Dutch and U.K.RMBS, along with European ABS, Attract Global Demand
The Netherlands overtook the United Kingdom as the largest issuing country of European RMBS by volume last year with an aggregate €41 billion versus €33.4 billion for the United Kingdom, which still leads the field though by number with 25 deals (compared to 15 from the Netherlands).
Nearly all of the U.K. issuance was placed with investors, compared with 57% for the Netherlands; the remainder was retained or placed with the central bank as collateral for funding. Roughly 35% of all non-retained U.K. RMBS issuance has been placed with U.S. investors, similar to the levels of the last three years.
As noted above, 2012 saw the first Dutch deal placed in the United States. Both U.K. and Dutch RMBS volumes are expected to remain muted in 2013 but the trend of U.S. placement is expected to continue.

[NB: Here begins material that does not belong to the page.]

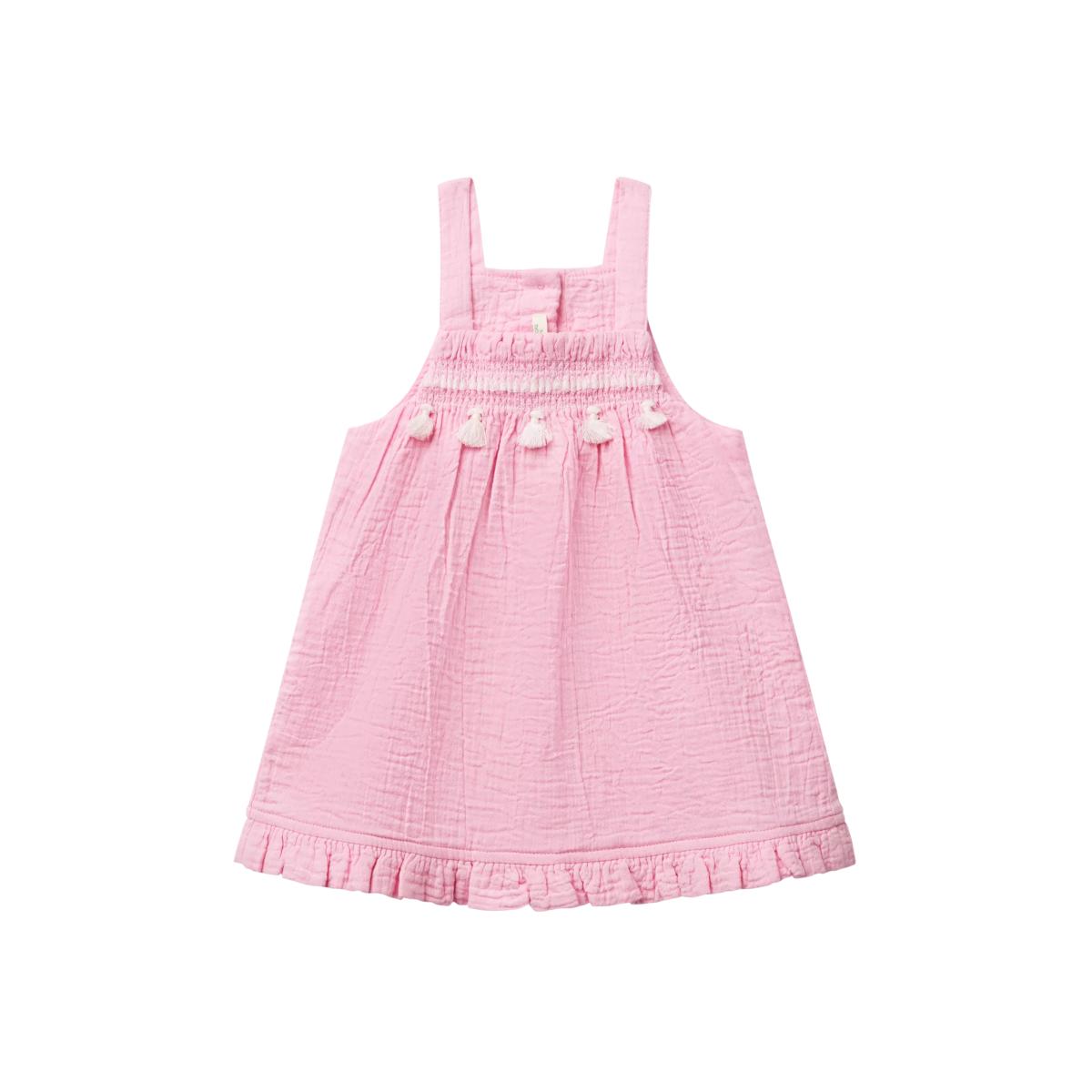 Playful cotton dress, perfect for summer outings with charming tassel detail and easy button fastenings at the back.

The other sector of EMEA structured finance which sees predominantly placed – as opposed to ECB repo - issuance is the ABS sector, comprising mainly auto and credit card paper. A total of 66 transactions with an aggregate of €43.17 billion were issued in 2012, 62% of this placed with investors.

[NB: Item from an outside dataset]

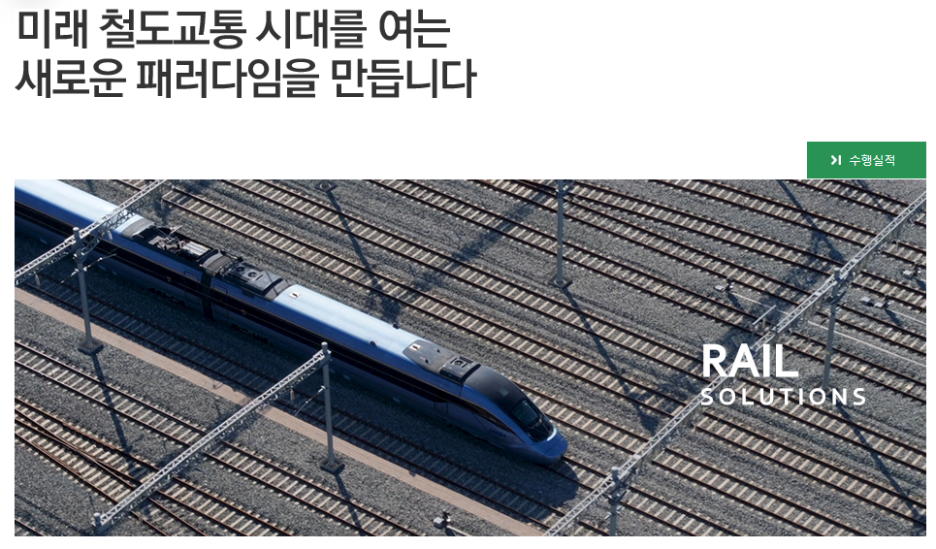 철도사업은 국내를 넘어 세계 38개국에 전동차, 고속전철, 경전철, 디젤동차, 기관차 및 객/화차 등 다양한 차종의 철도차량을 공급해 왔으며, 철도차량의 핵심 전장품을 독자기술로 국산화하여 열차종합제어관리장치, 견인전동기, 추진제어장치, 보조전원장치 등을 생산하고 있습니다. 최근에는 철도차량 뿐만 아니라 신호, 통신, 전력, PSD 등 철도시스템분야를 비롯해 운영 및 차량 유지보수, 개조, 부품공급 등 철도서비스 분야로 사업영역을 더욱 확대해 나가고 있습니다.

ABS deals are typically smaller than RMBS and are generally absorbed by European investors, but Santander paved the way for U.S. placement with its U.K. auto deal in October. We expect to see more.
Australian RMBS, ABS and Covered Bonds Leave the Continent
Last year will be seen as the year of the covered bond for Australia. The country passed covered bond legislation in November 2011 and by the close of 2012 Australia’s five covered bond issuers had issued some AUD44 billion (USD46.2 billion) in covered bonds in seven different currencies with USD (29%), Euro (29%) and AUD (28%) dominating. The Australian dollar investors were unexpected, however many of these investors were discovered to be offshore accounts with AUD funding capability.
While traditional Australian ABS/RMBS issuance was dwarfed by the emergence of covered bonds, Australian RMBS and ABS have also seen significant global investor interest in the past 12 months with significant momentum building towards the end of 2012. The good credit story, higher offered yield compared to similar products in other global centers, and the diversification offered by Australian product have seen a return of interest from European, U.S. and Asian (particularly Japanese) investors who had largely been absent since 2007.
The currency swap costs have been a significant deterrent to Australian issuers issuing in currencies other than Australian dollars; however as with covered bonds, issuance in foreign currencies including USD, GDP and JPY was seen in 2012, and offshore investors are increasingly being seen in AUD product.
Fitch expects the global interest to continue into 2013 as global investors search for yield. As investor acceptance and demand widen, Fitch expects to see more global securitization and covered bond issuers accessing international markets.
Kevin Duignan is the global head of structured finance and covered bonds at Fitch Ratings; Marjan Van Der Weijden is head of EMEA structured finance for Fitch Ratings.